没想到的是,那位师妹却耳朵尖得很。显然听到了他的嘀咕声,柳眉一竖,斜眼瞅着项易,直到项易冷汗直冒时才问道:“小易子,你刚才嘀咕个什么呀?”
“没有,没有!”项易谄媚地走上前去,讨好地笑道:“师妹,你怎么才来呀!师傅可是天天都念着你呢!”
“今年任务多。现在才有空回来!”师妹并不搭理项易。迈着军人的步姿走了过来,冷冷地问道:“这人是谁?”
她问地人自然是指李风。从她一下车就发现了李风的存在,最可恶的是,这个家伙居然一直盯着自己不放,这也就罢了,毕竟对自己长的如何,她还是很有自信地,平时也没少人偷偷打量自己,但别人都是偷偷看上一眼就别过头去,却从来没人敢如此放肆地盯着自己的,更何况还专门盯那些羞人的部位?!
“呵呵,师妹,这位是李风李神医!是专门到这里打造点东西的!”项易谄媚地笑着介绍道,“风哥,这位就是之前师傅和你说过的,我的师妹项凌琴。”
“你就是李风?就是那个传说中会几手医术的家伙?”项凌琴两眼闪过一道精光,但瞬间便隐去,不屑地瞥了李风一眼,低声嘀咕着:“什么乱七八糟的人啊!还传得神乎其神地,原来是大色狼一个!”
李风惊醒过来,刚好听到项凌琴的嘀咕声,老脸一红,暗暗惭愧,只能苦笑连连。
项易歉意地朝李风笑了笑,在项凌琴身后偷偷地摊了摊手,表示无可奈何。
“走开!好狗不挡路!”项凌琴走到李风面前,凤眼一瞪,伸手就朝李风的肩膀上一推。
李风只感到一股巨力如狂潮般源源不断涌来,无从抵挡,只能不住地往后倒退,逐渐消除那股巨力。
“咔嚓……咔嚓……”
李风每退多一步,原木地板断裂的声音就响多一次,一共竟响了六次之多。再一看,地板已经多了六个深深的脚印,那些专门从北欧进口的原木板材陷了进去,要知道,这些木材的坚硬程度甚至不亚于花岗岩,被踩成这个样子,可见李风的双脚承受了多大地压力。
“咦?你倒有几分本事!”项凌琴停下了脚步,惊异地看着李风,按照她本来地意思,是要把这个可恶的家伙摔出去,狠狠地在草地上表演一式平沙落雁地,却没想到对方居然能巧妙地将力量转到脚下。
这倒不算什么高深的功夫,只是本以为对方是个普通人,就稍微教训一顿罢了,没想到这个李风居然还有这么一手,倒让项凌琴有些不服气了。

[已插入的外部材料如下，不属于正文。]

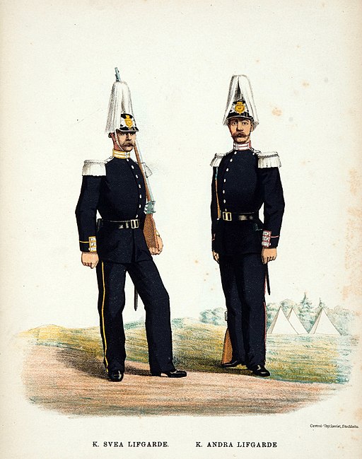 Bilden visar de stiliga uniformerna för Svea livgarde och Andra livgardet. Den finns i boken Svenska arméns och flottans uniformer, utgiven av P.B Eklund 1891.
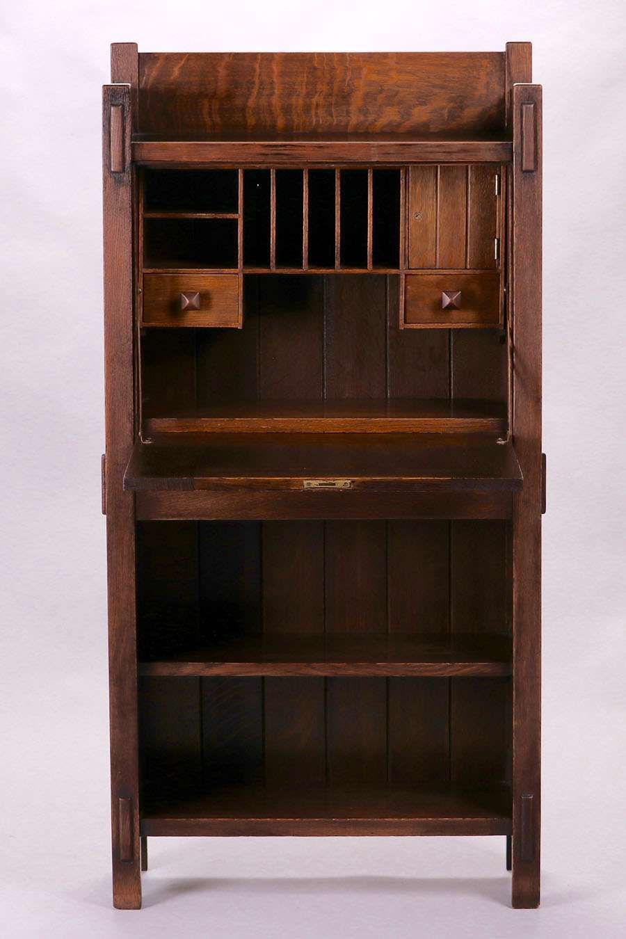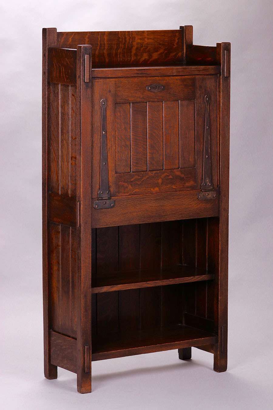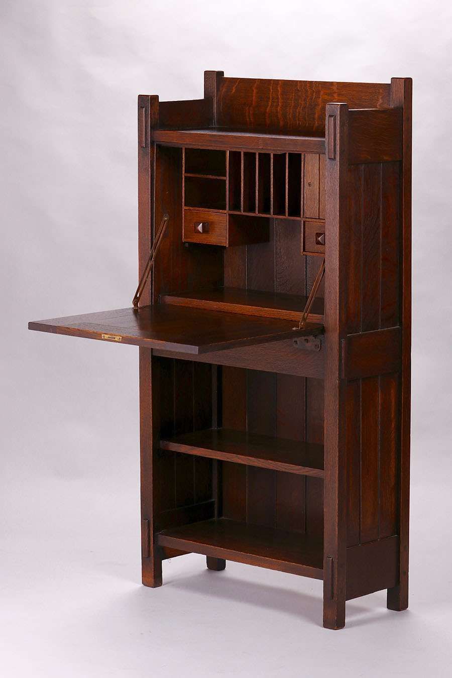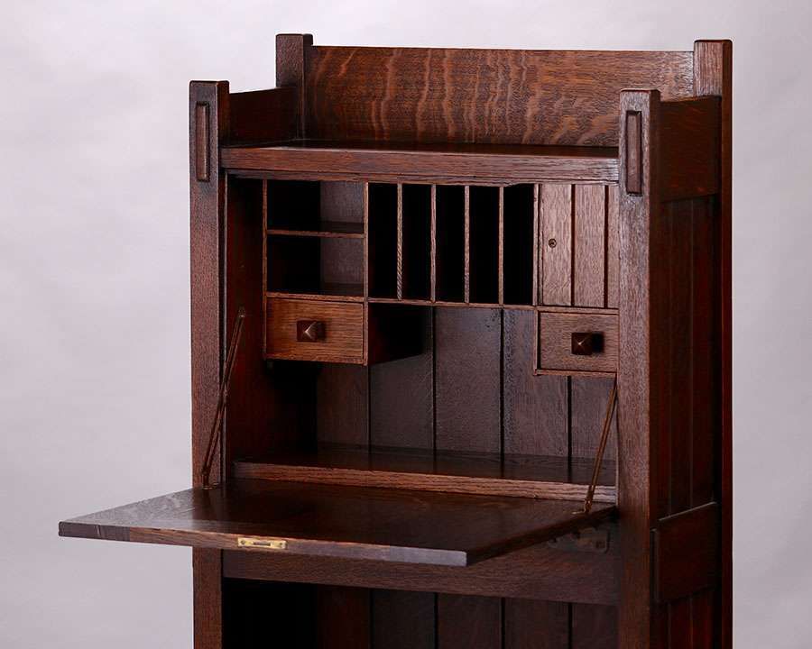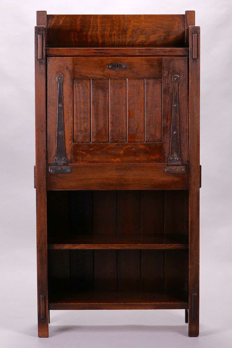 - Early Gustav Stickley Strap-Hinge Dropfront Desk c1901-1902

项易却已经不知怎么办好了,这个师妹一向是如此无法无天,自己都不知被她捉弄教训了多少回了,虽然不会下狠手,但哪次不是折腾得浑身酸痛?所以他也学乖了,尽量不去招惹这个师妹。
李风这才明白之前项易所说的意思,面对这么一个女暴龙,普通男人的确头疼无比。从她的表现来看,一身武功比赵蓉蓉还有过之而无不及。
感受着有些发麻的双腿,看到项凌琴“面目狰狞”地向自己走来,李风钢牙一咬,发起狠来,两眼狠狠地盯着项凌琴,既然你不仁,那就不要怪我不义了!就是松爷爷来了,也怪不得我!
第二百四十三章 占了老娘的便宜就别想溜
项凌琴心里惊疑不定,按照她的气场感应,这个李风分明没有内功,看模样白白嫩嫩的,连普通的特种战士都比他强得多,他是怎么抵挡自己那一推,甚至还若无其事地站在那里的?就算天生异禀,能抵挡这一推,恐怕也要双腿发抖了!
项凌琴从小好动,比男孩子还野,就喜欢打架嬉闹,连家族里的男孩子都被她缠怕了,武功低的打不过她,武功高的打赢了她也没什么光彩,可以说她从小就是个女魔王。长大后,更是加入了由各个武林家族门派组成的特战队,把特战队弄得翻天覆地,偏偏她人又长得漂亮,人人都宠着她让着她,性子更是养得无法无天。
现在出了李风这么一个怪胎,自然就挑起了项凌琴的好奇心,不怀好意的笑容落在李风眼里,自然就变得面目可憎了,存心要给这个刁蛮暴力的女孩一点颜色看看。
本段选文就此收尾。